Data Engineering and Analysis

We first load the nzr and nza libraries, set the working directory and then load the auto-data-km.csv file from our desktop to the Netezza database as a table called auto_data_km. We use the as.nz.data.frame for this purpose.

——————————————————————————————

# Load required libraries

library(nzr)

library(nza)

#Set your working directory

setwd(“C:/Users/user1/Documents/Netezza R case study”)

# Connect to the Netezza database

nzConnectDSN(‘DBATEST’, force = TRUE, verbose = TRUE)

# Load the auto-data-km.csv file into the Netezza database in a table called auto_data_km

auto_data <- read.csv(“auto-data-km.csv”)

d <- as.nz.data.frame(auto_data, ‘auto_data_km’,clear.existing=TRUE, fast=TRUE) # use fast mode

————————————————————————————————————–

Netezza creates  the below table to hold the auto data

////////////////////////////////////////////////////////////////

CREATE TABLE    AUTO_DATA_KM

(

ID                            INTEGER                                                                       ,

MAKE                          CHARACTER VARYING(13)                                                         ,

FUELTYPE                      CHARACTER VARYING(6)                                                          ,

ASPIRE                        CHARACTER VARYING(5)                                                          ,

DOORS                         CHARACTER VARYING(4)                                                          ,

BODY                          CHARACTER VARYING(11)                                                         ,

DRIVE                         CHARACTER VARYING(3)                                                          ,

CYLINDERS                     CHARACTER VARYING(6)                                                          ,

HP                            INTEGER                                                                       ,

RPM                           INTEGER                                                                       ,

MPG_CITY                      INTEGER                                                                       ,

MPG_HWY                       INTEGER                                                                       ,

PRICE                         INTEGER

) DISTRIBUTE ON Hash ( ID  )    ORGANIZE ON None

/////////////////////////////////////////////////////////////////////////

A quick look at the data as stored in the Netezza database

—————————————————————————————————————

DBATEST.ADMIN(ADMIN)=> select * from auto_data_km limit 3;

ID  |    MAKE    | FUELTYPE | ASPIRE | DOORS |   BODY    | DRIVE | CYLINDERS | HP  | RPM  | MPG_CITY | MPG_HWY | PRICE

—–+————+———-+——–+——-+———–+——-+———–+—–+——+———-+———+——-

25     | mazda         | gas            | std        | four        | sedan      | fwd           | four        |  68   | 5000   |       31       |      38            |  6695

114   | peugot         | gas            | std         | four        | sedan     | rwd           | four        |  97   | 5000    |       1 9     |      24            | 11900

118    | Mitsubishi | gas           | turbo    | two          | hatchback | fwd      | four         | 145  | 5000    |       19        |      24         | 12629

———————————————————————————————————

str(auto_data)

‘data.frame’:                   197 obs. of  13 variables:

$ ID       : int  1 2 3 4 5 6 7 8 9 10 …

$ MAKE     : Factor w/ 21 levels “alfa-romero”,..: 18 4 9 19 12 6 13 5 15 9 …
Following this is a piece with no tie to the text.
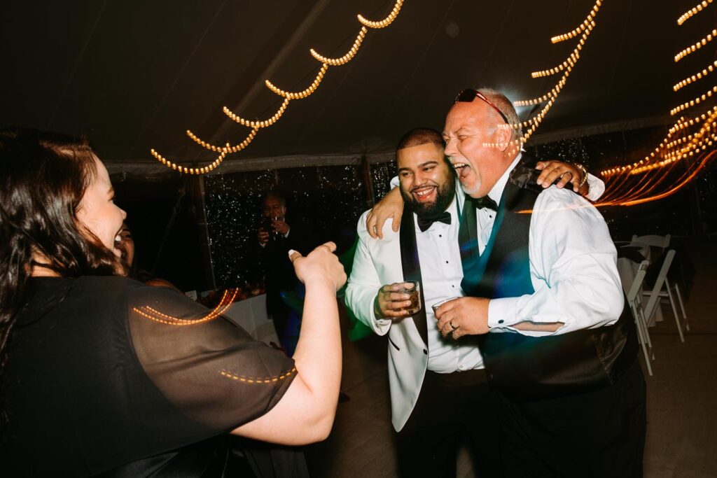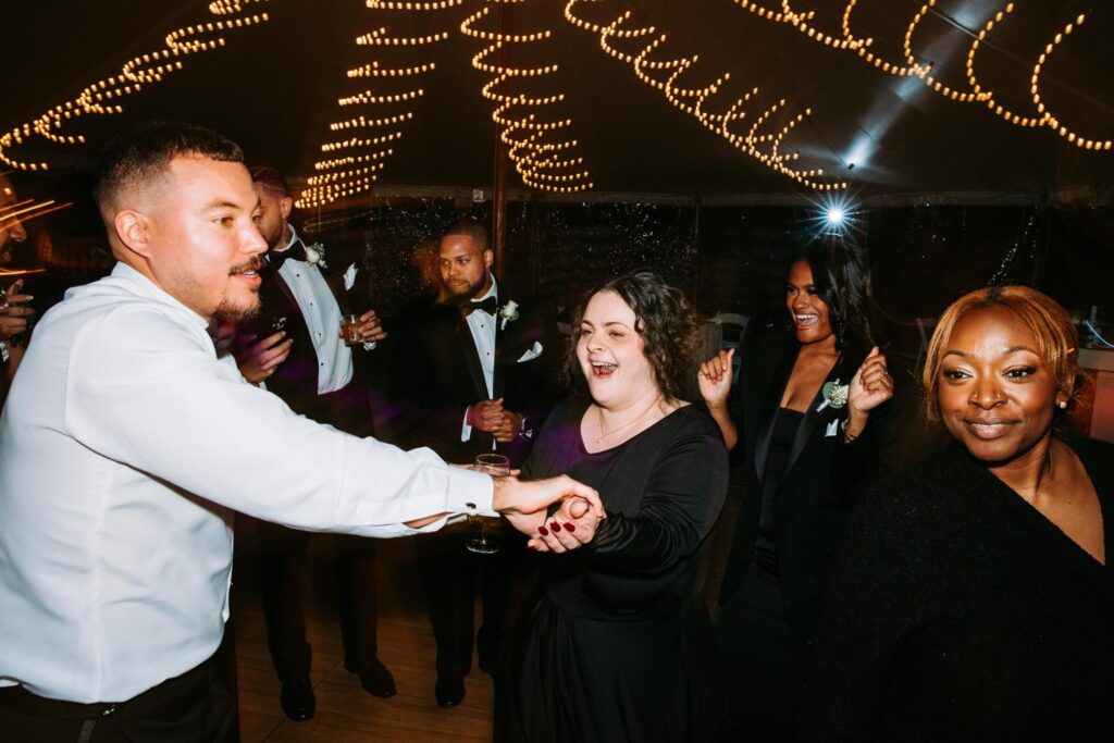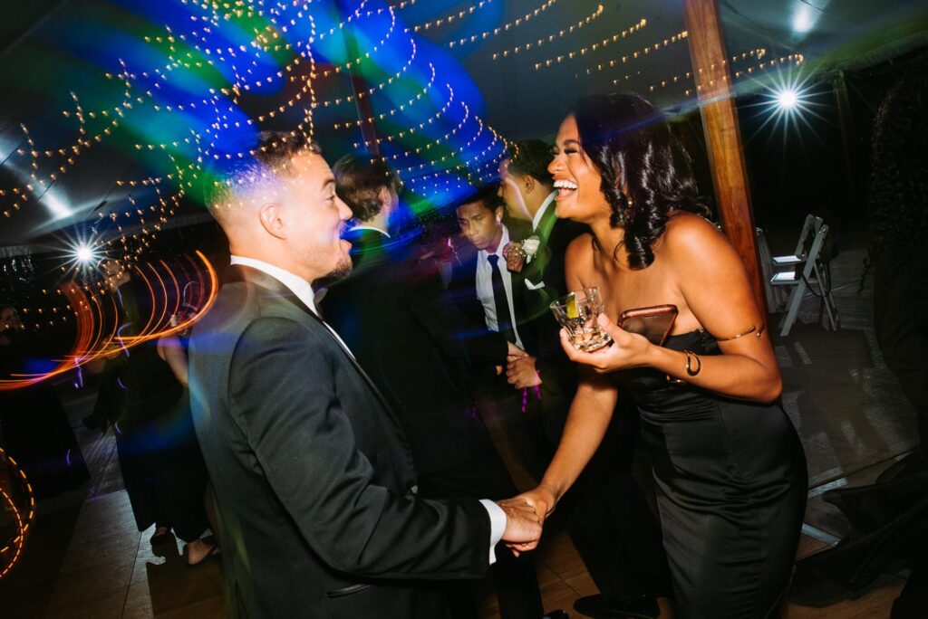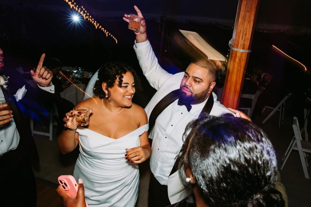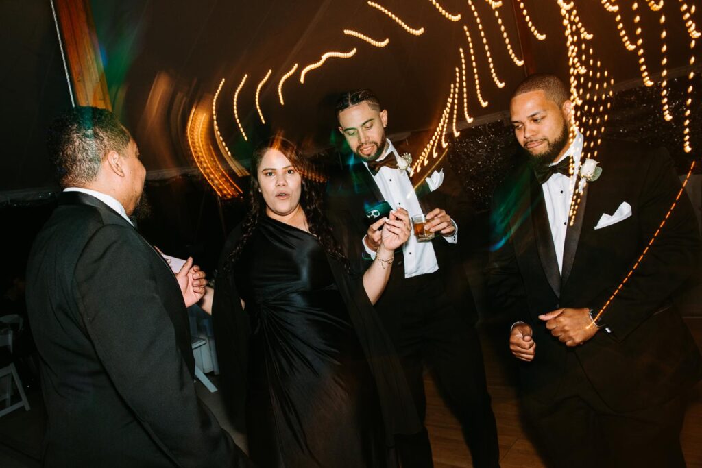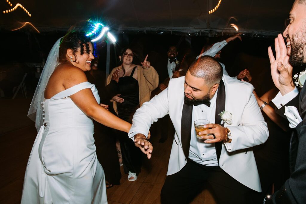 The reception felt relaxed but full of life. The energy moved fast in the best way. Guests danced under the tent, grabbed drinks at the bar, wandered outside to talk, then circled right back to the dance floor.

$ FUELTYPE : Factor w/ 2 levels “diesel”,”gas”: 2 2 2 2 2 2 2 2 2 2 …

$ ASPIRE   : Factor w/ 2 levels “std”,”turbo”: 1 1 1 1 1 1 1 1 1 1 …

$ DOORS    : Factor w/ 2 levels “four”,”two”: 2 2 2 2 2 2 2 2 2 2 …

$ BODY     : Factor w/ 5 levels “convertible”,..: 3 3 3 3 3 3 4 3 3 3 …

$ DRIVE    : Factor w/ 3 levels “4wd”,”fwd”,”rwd”: 2 2 2 2 2 2 2 2 2 2 …

$ CYLINDERS: Factor w/ 7 levels “eight”,”five”,..: 3 5 3 3 3 3 3 3 3 3 …

$ HP       : int  69 48 68 62 68 60 69 68 68 68 …

$ RPM      : int  4900 5100 5000 4800 5500 5500 5200 5500 5500 5000 …

$ MPG.CITY : int  31 47 30 35 37 38 31 37 37 31 …

$ MPG.HWY  : int  36 53 31 39 41 42 37 41 41 38 …

$ PRICE    : int  5118 5151 5195 5348 5389 5399 5499 5572 5572 6095 …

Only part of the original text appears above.